-- Task statement --
Starting with the line that has "(この花はヒメアザミで、雌しべの先が雄しべの筒からのぞいている。)" and finishing with the line that has "3月3日,bb贝博艾弗森官网", set down each line below exactly. Pictures are not copied.

Given entries below:

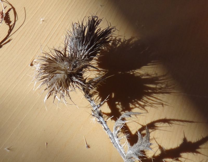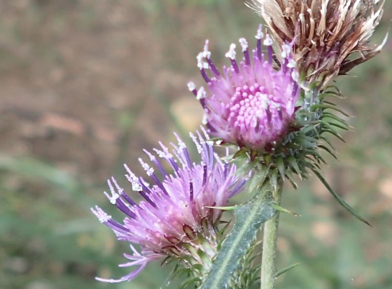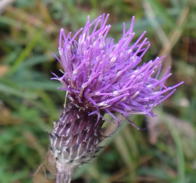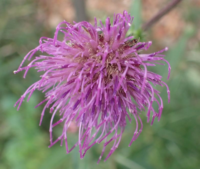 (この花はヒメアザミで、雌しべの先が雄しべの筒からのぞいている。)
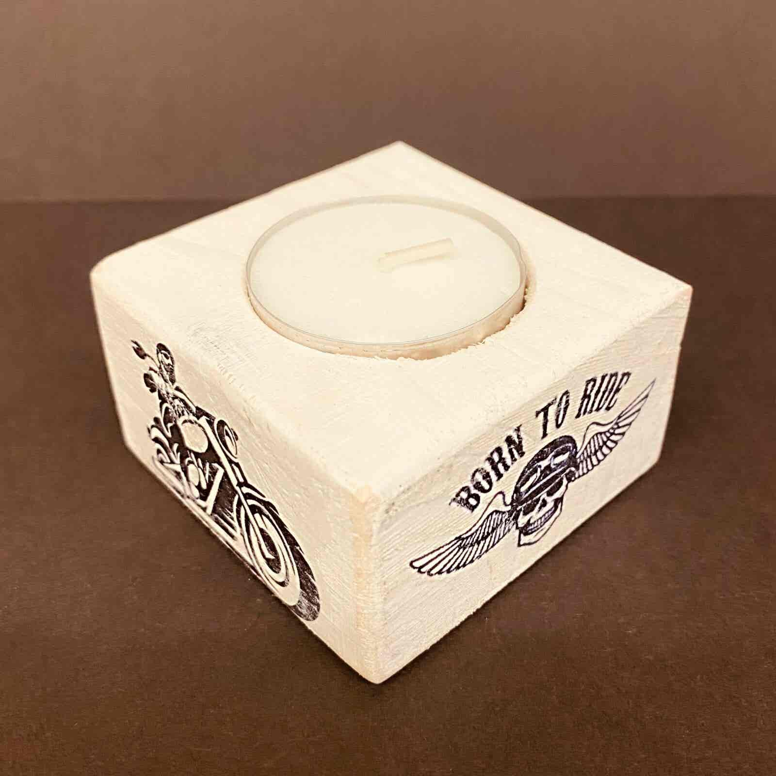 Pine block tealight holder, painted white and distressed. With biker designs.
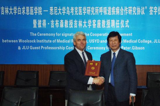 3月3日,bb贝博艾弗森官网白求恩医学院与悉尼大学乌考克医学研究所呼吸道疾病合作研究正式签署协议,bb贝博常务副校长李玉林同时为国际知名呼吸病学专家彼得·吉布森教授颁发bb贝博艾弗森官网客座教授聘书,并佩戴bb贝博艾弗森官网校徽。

End of Given entries.
Given entries below:

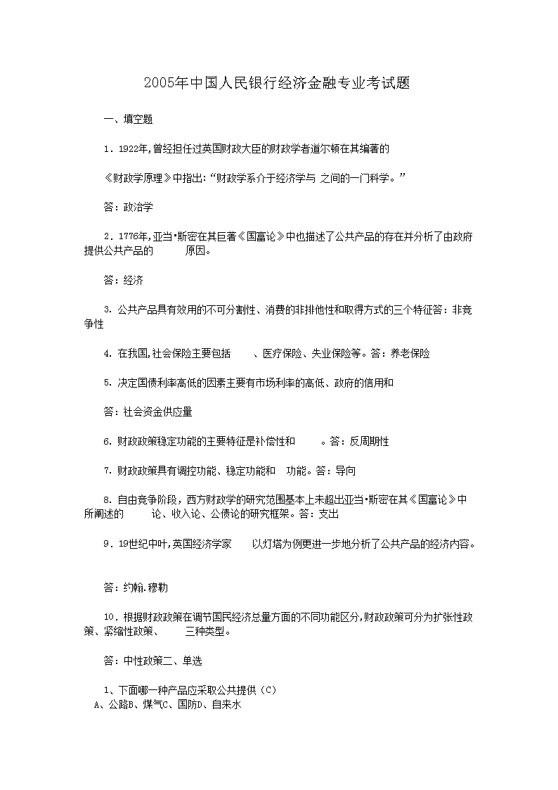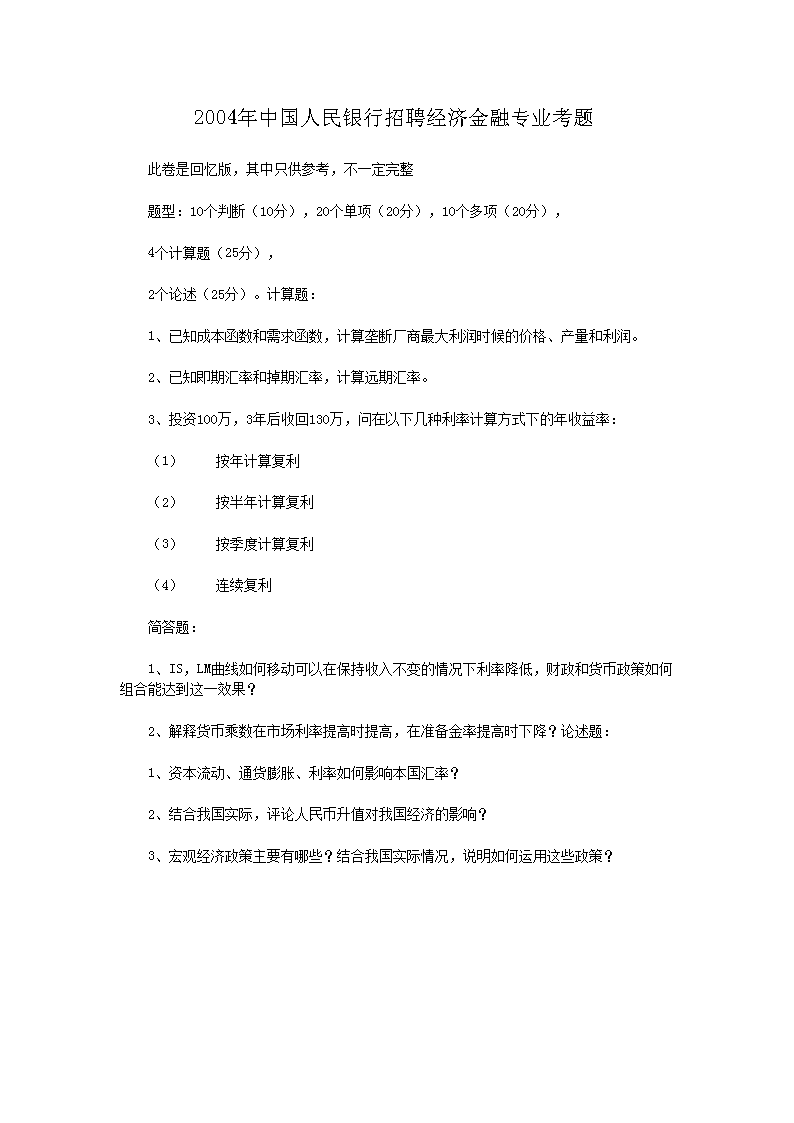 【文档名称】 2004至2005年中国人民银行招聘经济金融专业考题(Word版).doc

End of Given entries.

-- Expected output --
 (この花はヒメアザミで、雌しべの先が雄しべの筒からのぞいている。)
 Pine block tealight holder, painted white and distressed. With biker designs.
 3月3日,bb贝博艾弗森官网白求恩医学院与悉尼大学乌考克医学研究所呼吸道疾病合作研究正式签署协议,bb贝博常务副校长李玉林同时为国际知名呼吸病学专家彼得·吉布森教授颁发bb贝博艾弗森官网客座教授聘书,并佩戴bb贝博艾弗森官网校徽。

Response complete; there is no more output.